Johnny Cash’s mortality not only inspired the best album of his daughter’s career, it spurred his son John Carter Cash into producing Voices Of The Spirit: The Gospel Of The South, a compilation of all-new recordings with arrangements that are almost as minimal as Jackson’s. (Sometimes it sounds as if John Carter Cash might be Rick Rubin’s son.) As the only multi-artist album surveyed here, it’s the one that seeks common ground for black and white spiritual strains.
Mavis Staples delivers an impassioned rendition of “Twelve Gates To The City”, backed by the solo acoustic guitar of Marty Stuart (whose recent Souls’ Chapel celebrates the musical majesty of Pops Staples and the Staple Singers), while the Mighty Clouds Of Joy’s over-the-top performance of “We Shall Overcome” suggests the transformation of southern black Christianity into a progressive social force (no longer content to wait for just reward in the afterlife).
Rodney Crowell crosses the racial divide into country blues with a revival of “Denomination Blues” that brings the ecumenical message home in full force. Perhaps the album’s pivotal track is “Uncloudy Day”, the first recording by Johnny Cash after the death of his beloved June; his voice is weak, but the spirit of the song soars. In the closing “What Are They Doing In Heaven Today?”, the ethereal tenor of Vince Gill shows how they must sound there.
Of the two releases by bluegrass patriarchs, I found the first all-gospel album by Del McCoury (who’s also featured with son Ronnie on Voices Of The Spirit ) less consistently satisfying than the new one by Doyle Lawson, who has long made spiritual music his bedrock. Those who equate rootsy authenticity with a rawer sound might consider Lawson’s Quicksilver harmonies too smooth, almost like a barbershop quartet on “Remember My Name In Your Prayers”. Yet the a cappella finale of “When He Welcomes Me In” thrills me like the Beach Boys, a mature southern version of the vocal symphony to God. And rarely has anyone sung so ebulliently about imminent death than the quintet does on “We Shall Inherit”.

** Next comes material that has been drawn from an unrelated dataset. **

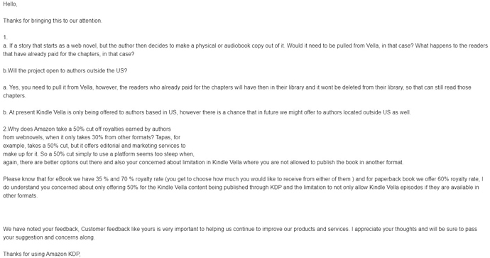 No problem, I'm glad to clarify! They also say that, if you publish with Vella first, you can't then take the novel and make a hardcopy or audiobook for people who prefer those formats and won't read online or who want a physical copy for, say, collection reasons. It's not uncommon for webnovel authors to offer PDF or ebook versions of their books to their subscribers, either, and this option is completely blocked with Vella. So, while they say, we keep our rights... We can't really do anything with them, can we? We're locking ourselves into one type of audience only. Not to mention, you can't re-release in any language. So, bye bye, translation rights. You can pull the novel from Vella to do all of this, but what happens to the readers that have already paid for the chapters, then? This isn't specified, anywhere. Worst case scenario, they end up with no book, angry and will never buy anything from you, again.

It isn’t that I mean to disparage the venerable McCoury Band’s The Promised Land, but the competition here is stiff and expectations ran high. Gospel has long been represented in McCoury’s repertoire, providing a chance of pace on albums and show-stopping highlights in concert (“Get Down On Your Knees And Pray” has proven a particular stunner at the band’s live shows).
Nothing here rises to such holy heights, though the folkish simplicity of “I’m Poor As A Beggar”, the bluesy recasting of David and Goliath in “Five Flat Rocks”, and the call-and-response harmonies of “Gold Under My Feet” are all highlights. The problem with much of the rest is that the strength and range of the material doesn’t match the stellar selection on McCoury’s eclectic secular albums.
The results here never fall short of the workmanlike precision and virtuosity we expect from the McCoury Band, but rarely do they carry the sound of divine inspiration. And whether or not I believe in it, I know it when I hear it.